Stock Analysis

Here's Why Compuage Infocom (NSE:COMPINFO) Has A Meaningful Debt Burden

NSEI:COMPINFO
Source: Shutterstock

Legendary fund manager Li Lu (who Charlie Munger backed) once said, 'The biggest investment risk is not the volatility of prices, but whether you will suffer a permanent loss of capital.' It's only natural to consider a company's balance sheet when you examine how risky it is, since debt is often involved when a business collapses. As with many other companies Compuage Infocom Limited (NSE:COMPINFO) makes use of debt. But should shareholders be worried about its use of debt?

When Is Debt Dangerous?

Debt and other liabilities become risky for a business when it cannot easily fulfill those obligations, either with free cash flow or by raising capital at an attractive price. Part and parcel of capitalism is the process of 'creative destruction' where failed businesses are mercilessly liquidated by their bankers. However, a more common (but still painful) scenario is that it has to raise new equity capital at a low price, thus permanently diluting shareholders. Of course, debt can be an important tool in businesses, particularly capital heavy businesses. The first thing to do when considering how much debt a business uses is to look at its cash and debt together.

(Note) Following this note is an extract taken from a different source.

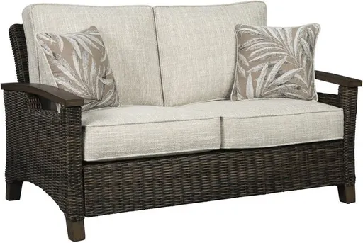 Pretty enough for trendy interiors, yet durable enough to weather the elements, the Paradise Trail outdoor loveseat rises to the challenge beautifully. Handwoven resin wicker over rust-proof aluminum merges high style with low maintenance.Rest assured, though the exposed armrests and feet look remarkably like wood, their sturdy aluminum construction is perfectly suited for alfresco living. Plush seat cushions and throw pillows wrapped in high-performing Nuvella® fabric aim to please.All-weather, handwoven resin wicker over rust-proof aluminum frameArmrests with wood-like finish2 throw pillows includedSeat cushions and pillows covered with high-performance Nuvella® fabricClean fabric with mild soap and water, let air dry; for stubborn stains, use a solution of 4 oz. bleach to 28 oz. waterAll-weather foam cushion core wrapped in soft polyesterShips in single boxImported fabric and fill*Loveseat only, any other products that may be displayed are sold separately. Images may not represent the actual size and color in images may differ in person. See store for actual color or finish.

View our latest analysis for Compuage Infocom

What Is Compuage Infocom's Debt?

As you can see below, at the end of September 2021, Compuage Infocom had ₹5.14b of debt, up from ₹4.88b a year ago. Click the image for more detail. However, it also had ₹850.5m in cash, and so its net debt is ₹4.29b.

debt-equity-history-analysis
NSEI:COMPINFO Debt to Equity History November 26th 2021

How Healthy Is Compuage Infocom's Balance Sheet?

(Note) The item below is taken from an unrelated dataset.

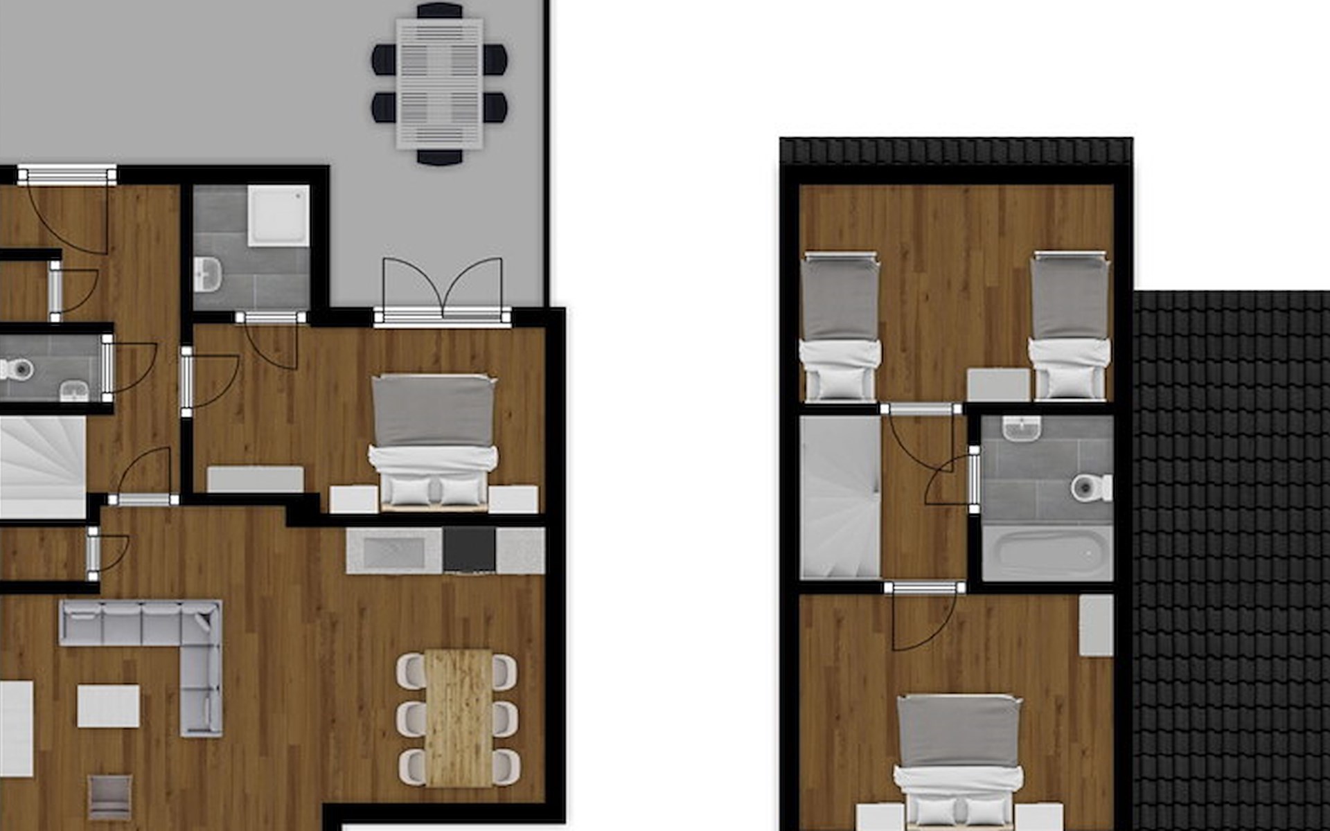 In der oberen Etage gibt es 2 Schlafzimmer. Beide Schlafzimmer haben 2 Einzelbetten. Das Badezimmer hat eine Badewanne oder eine Dusche, eine Toilette und ein Waschbecken.

The latest balance sheet data shows that Compuage Infocom had liabilities of ₹7.82b due within a year, and liabilities of ₹715.0m falling due after that. On the other hand, it had cash of ₹850.5m and ₹5.36b worth of receivables due within a year. So its liabilities outweigh the sum of its cash and (near-term) receivables by ₹2.33b.

Given this deficit is actually higher than the company's market capitalization of ₹1.86b, we think shareholders really should watch Compuage Infocom's debt levels, like a parent watching their child ride a bike for the first time. Hypothetically, extremely heavy dilution would be required if the company were forced to pay down its liabilities by raising capital at the current share price.

In order to size up a company's debt relative to its earnings, we calculate its net debt divided by its earnings before interest, tax, depreciation, and amortization (EBITDA) and its earnings before interest and tax (EBIT) divided by its interest expense (its interest cover). This way, we consider both the absolute quantum of the debt, as well as the interest rates paid on it.

Weak interest cover of 1.5 times and a disturbingly high net debt to EBITDA ratio of 5.0 hit our confidence in Compuage Infocom like a one-two punch to the gut. The debt burden here is substantial. On a slightly more positive note, Compuage Infocom grew its EBIT at 14% over the last year, further increasing its ability to manage debt. When analysing debt levels, the balance sheet is the obvious place to start. But you can't view debt in total isolation; since Compuage Infocom will need earnings to service that debt. So if you're keen to discover more about its earnings, it might be worth checking out this graph of its long term earnings trend.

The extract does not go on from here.